Iterative Criterion Refinement

The ICTC paper's key insight: only the VLM step (Step 1) is expensive. Steps 2b and 3 are fast enough to iterate. The script supports this natively:

Run 1: full pipeline → inspect cluster names in logs
Run 2: --steps 2b,3 --criterion "Emotional Tone"   → re-clusters in minutes
Run 3: --steps 2b,3 --criterion "Target Audience"  → re-clusters again

What gets reused across runs:

  • step1_captions.json — VLM captions (never re-run unless --force_steps 1)
  • step2a_hooks.json — hook extraction (criterion-agnostic, always reusable)

What auto-invalidates when you change --criterion or --num_clusters:

  • Step 2b — always re-runs (metadata check includes criterion + K)
  • Step 3 — auto-resets when cluster names change (detected from metadata)

--force_steps bypasses checkpoint detection entirely:

# Re-extract hooks AND re-cluster (keep only VLM captions)
python ictc_cluster.py ... --steps 2a,2b,3 --force_steps 2a,2b,3

# Just redo assignment with a different K
python ictc_cluster.py ... --num_clusters 8 --steps 3 --force_steps 3

Resume & Crash Recovery

Every step saves an atomic checkpoint (fsync + os.replace — never corrupts even on NFS/Lustre):

  • Step 1 checkpoints every --ckpt_vlm images (default 1000 multi-GPU, 500 single-GPU)
  • Steps 2a/3 checkpoint every --ckpt_llm items (default 5000 multi-GPU, 2000 single-GPU)

To resume after any failure: just re-run the same command. Each step detects existing output and skips already-processed items.


SSH-Resilient Execution

Use run_ictc.sh which wraps everything in a tmux session:

./run_ictc.sh              # starts or attaches to session "ictc"

# While disconnected, job keeps running.
# Re-connect and check:
tmux attach -t ictc
tail -f /data/out/logs/ictc_*.log

Deployment: UQ AIO Server (A100-40GB)

Server Details

Field Value
Host <USERNAME>@<SERVER_IP>
SSH ssh -i <SSH_KEY>.pem <USERNAME>@<SERVER_IP>
GPU NVIDIA A100 PCIe 40GB
RAM 590 GB
Storage 3.6 TB NVMe at /mnt/nvme0n1/
Dataset 86,446 ads at /mnt/nvme0n1/data/output/exported-data/ads/
Python env ~/ictc_env/ (venv, Python 3.10)
Model cache /mnt/nvme0n1/cache/huggingface/ (root disk too small at 30GB)

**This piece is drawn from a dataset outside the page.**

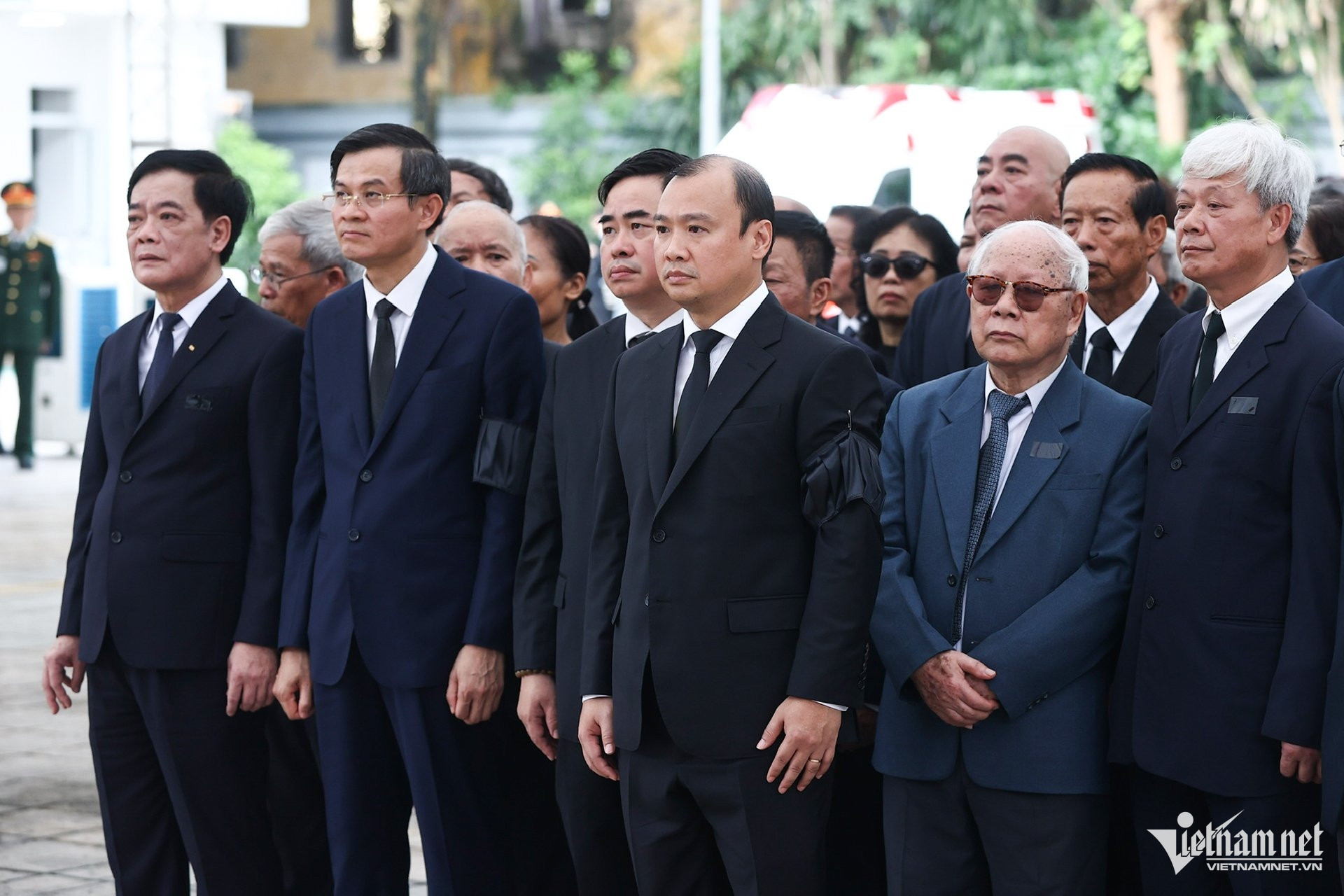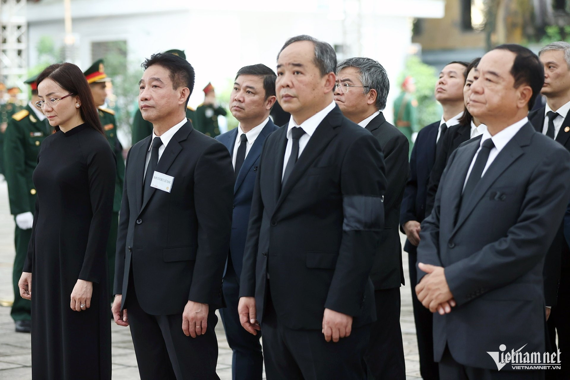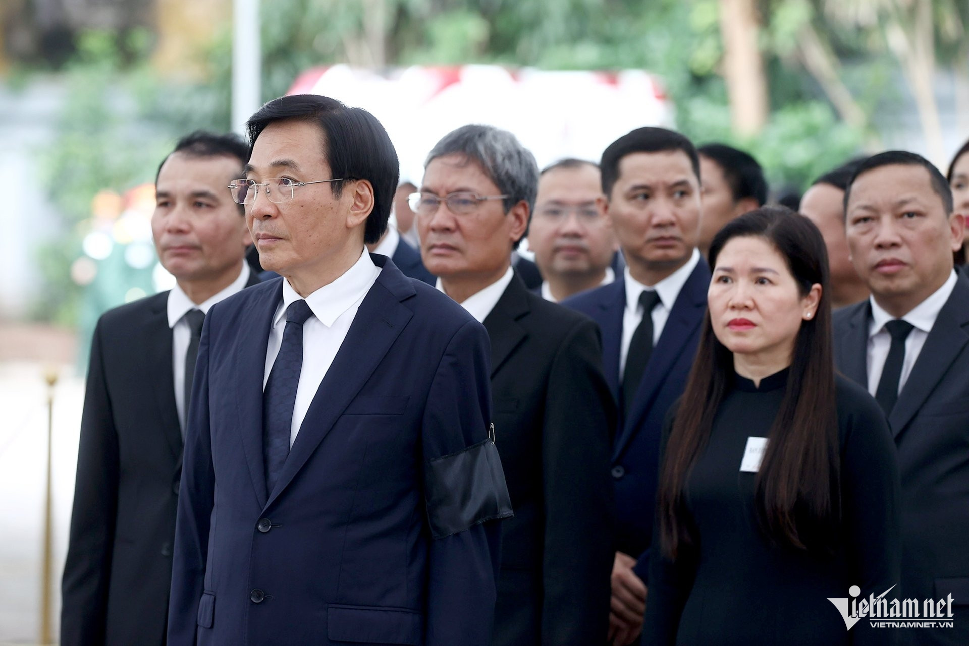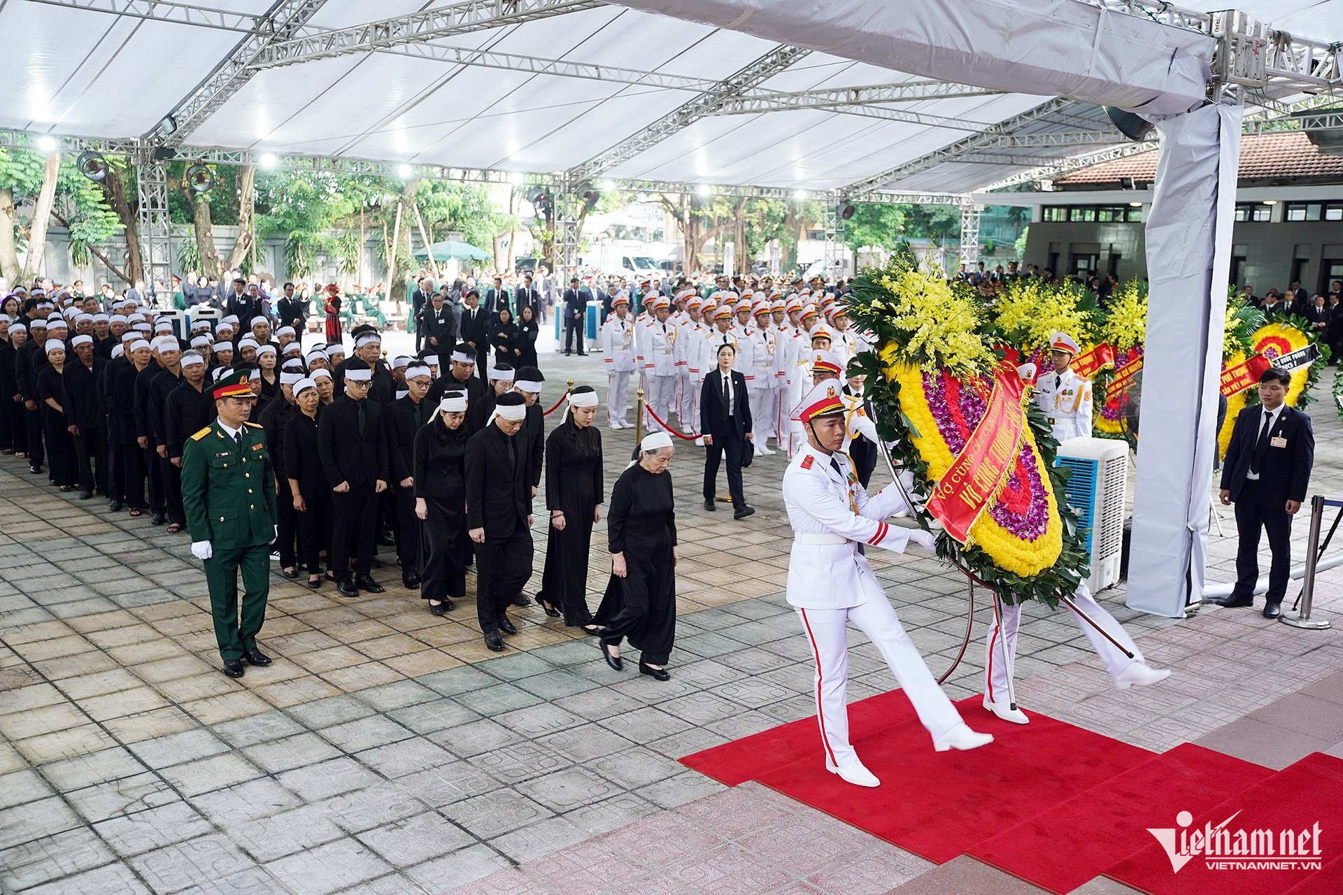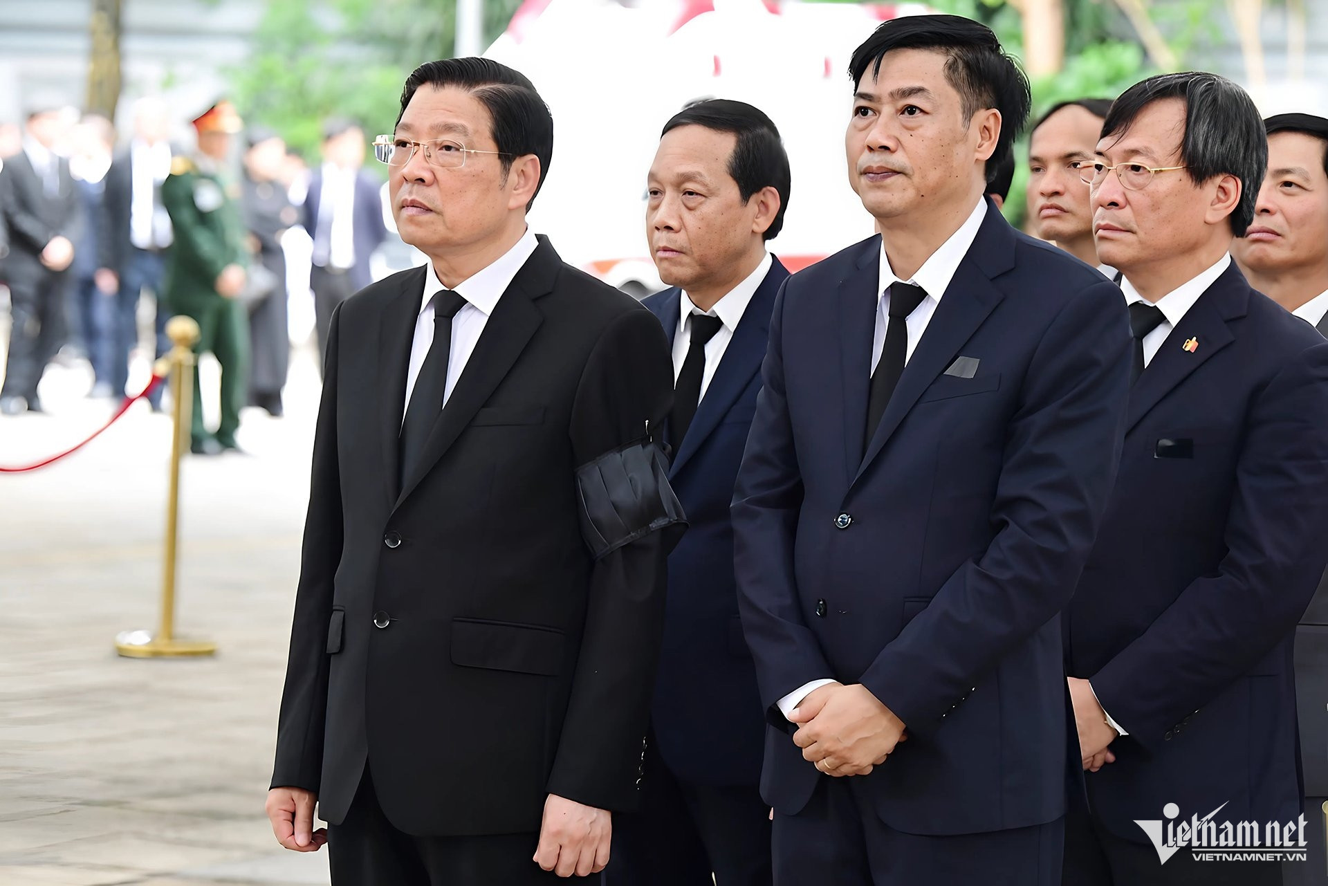 Ngoài sân nhà tang lễ, lãnh đạo Đảng, Nhà nước và gia quyến Tổng Bí thư có mặt từ sớm để chuẩn bị bắt đầu buổi lễ.

What Was Set Up (2026-03-05)

  1. NVIDIA drivers: Installed nvidia-driver-570 (CUDA 12.8 support). Blacklisted nouveau (unused on this VM — display via virtio_gpu). Disabled MIG mode (nvidia-smi -mig 0).

  2. Python environment: Created ~/ictc_env venv. Installed vLLM nightly (0.16.1rc1.dev258) — required for Qwen 3.5 support (stable vLLM 0.16.0 doesn't recognise Qwen3_5ForConditionalGeneration). PyTorch 2.10.0+cu129, transformers 4.57.6.

  3. Model: Using Qwen/Qwen3.5-9B in bf16 (~18GB VRAM). The 27B default doesn't fit on A100-40GB in bf16 (~54GB), and FP8 quantization fails on A100 (compute 8.0 lacks native FP8 — Marlin kernel fallback has tile alignment issues with Qwen 3.5 dimensions).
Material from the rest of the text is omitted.